+++ Data in this exercise +++
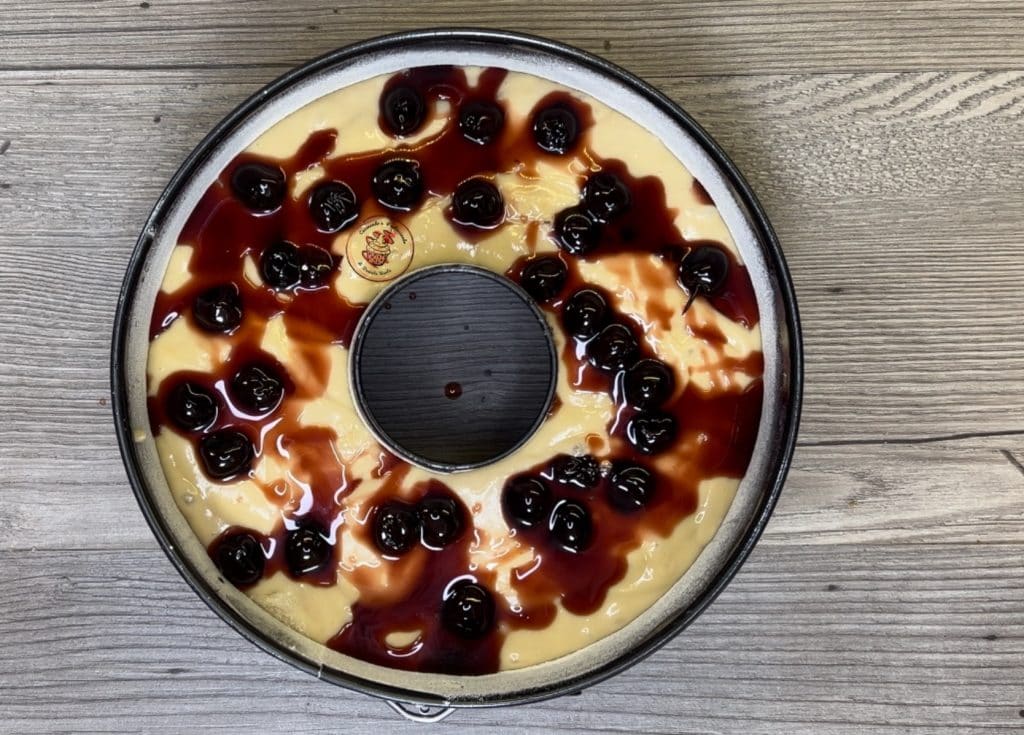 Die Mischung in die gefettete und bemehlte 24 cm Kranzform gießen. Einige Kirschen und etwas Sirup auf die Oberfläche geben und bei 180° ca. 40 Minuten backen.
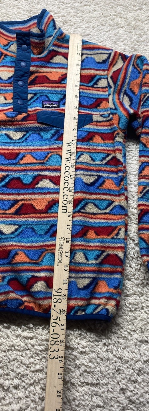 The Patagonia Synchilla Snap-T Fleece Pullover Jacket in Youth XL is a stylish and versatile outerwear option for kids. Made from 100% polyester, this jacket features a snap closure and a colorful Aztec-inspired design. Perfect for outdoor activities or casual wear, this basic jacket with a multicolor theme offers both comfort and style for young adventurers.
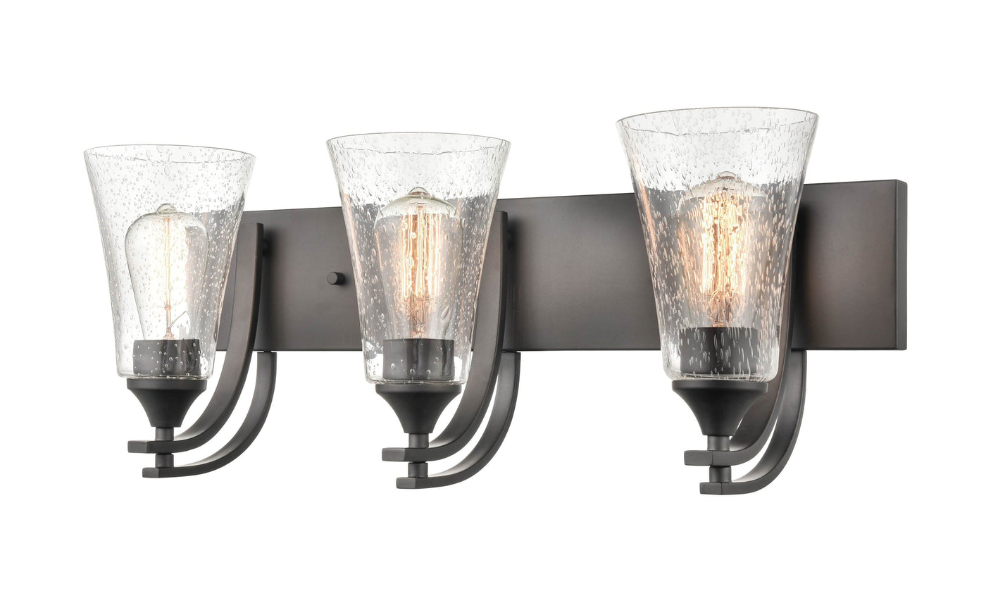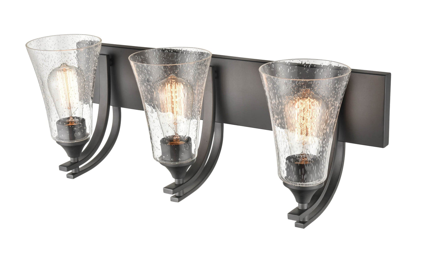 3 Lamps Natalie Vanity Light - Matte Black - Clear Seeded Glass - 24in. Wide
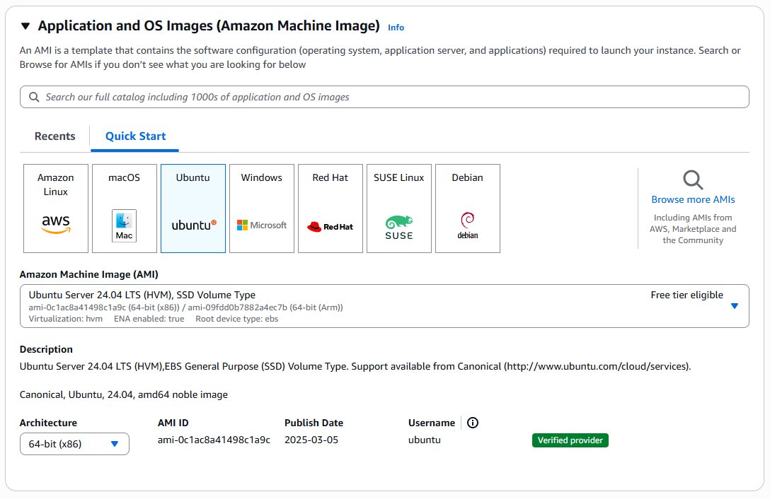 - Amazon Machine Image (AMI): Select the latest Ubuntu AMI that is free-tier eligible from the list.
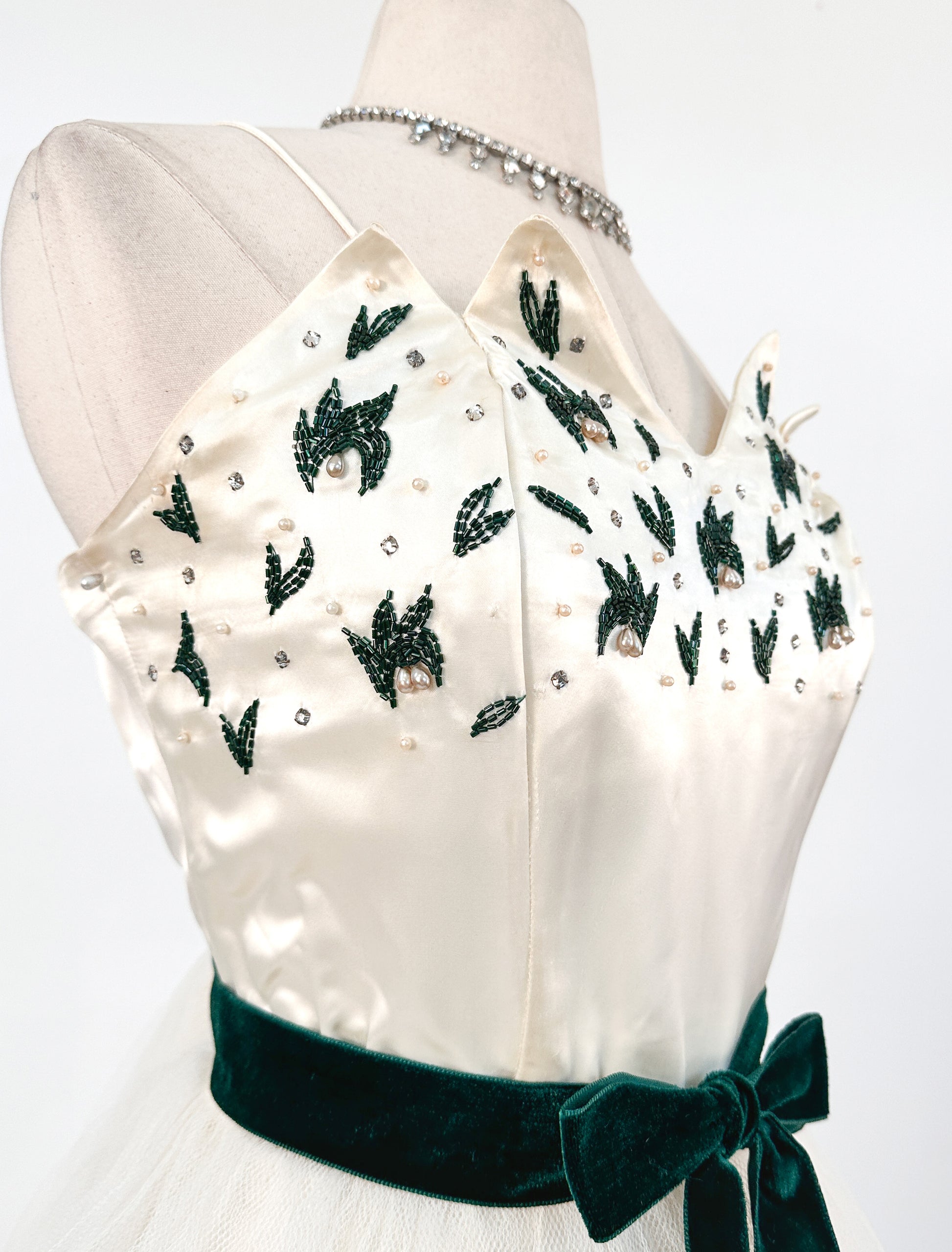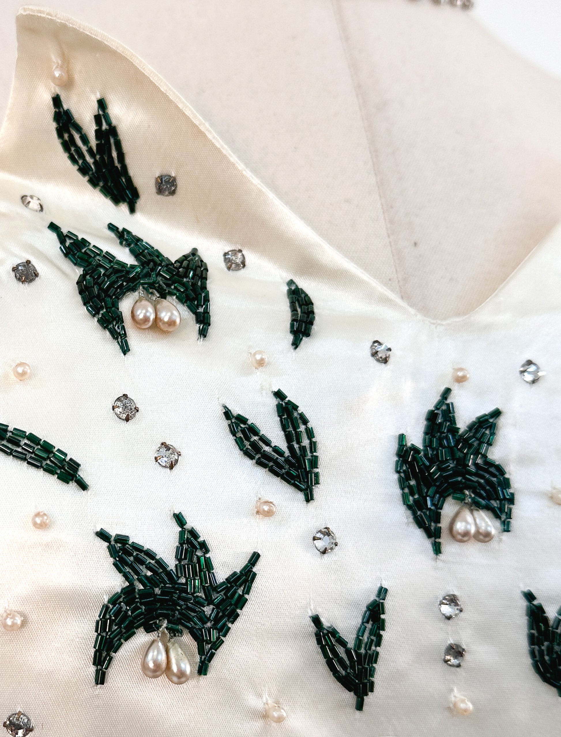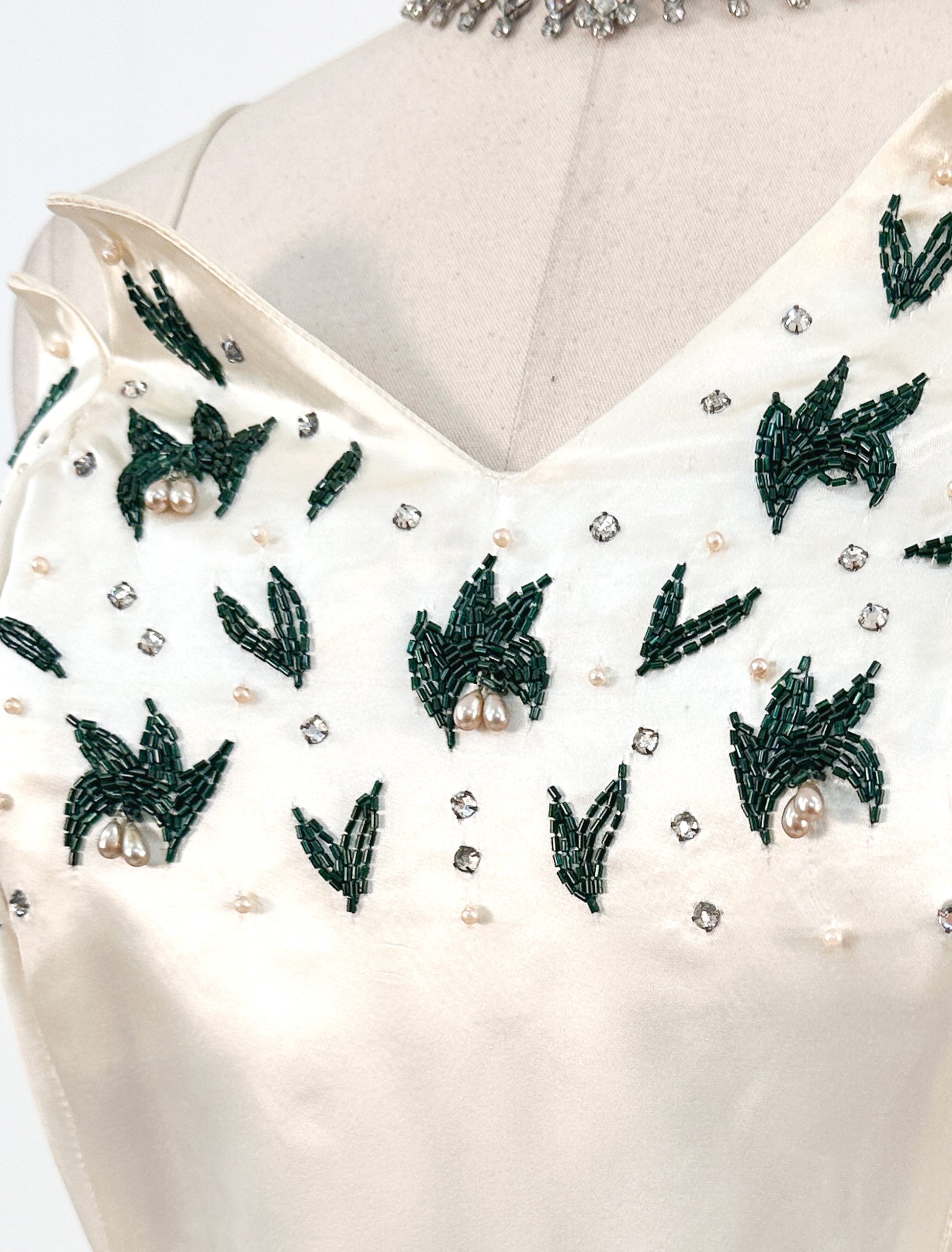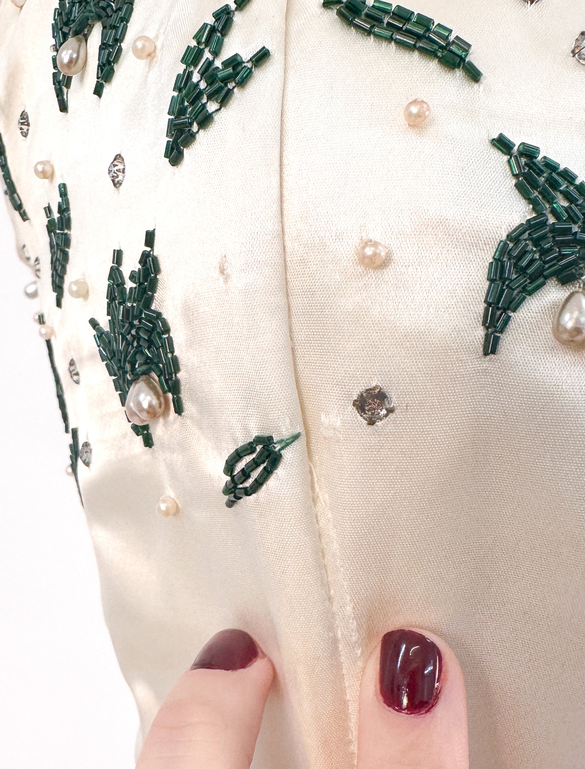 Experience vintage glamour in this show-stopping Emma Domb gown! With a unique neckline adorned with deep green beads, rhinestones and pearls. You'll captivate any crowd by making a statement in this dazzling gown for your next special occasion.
+++
What is required |
Pictures do not belong in the answer. Return the lines above starting at the one with "3 Lamps Natalie" and ending at the one with "- Amazon Machine", both kept, exactly.

Answer section |
 3 Lamps Natalie Vanity Light - Matte Black - Clear Seeded Glass - 24in. Wide
 - Amazon Machine Image (AMI): Select the latest Ubuntu AMI that is free-tier eligible from the list.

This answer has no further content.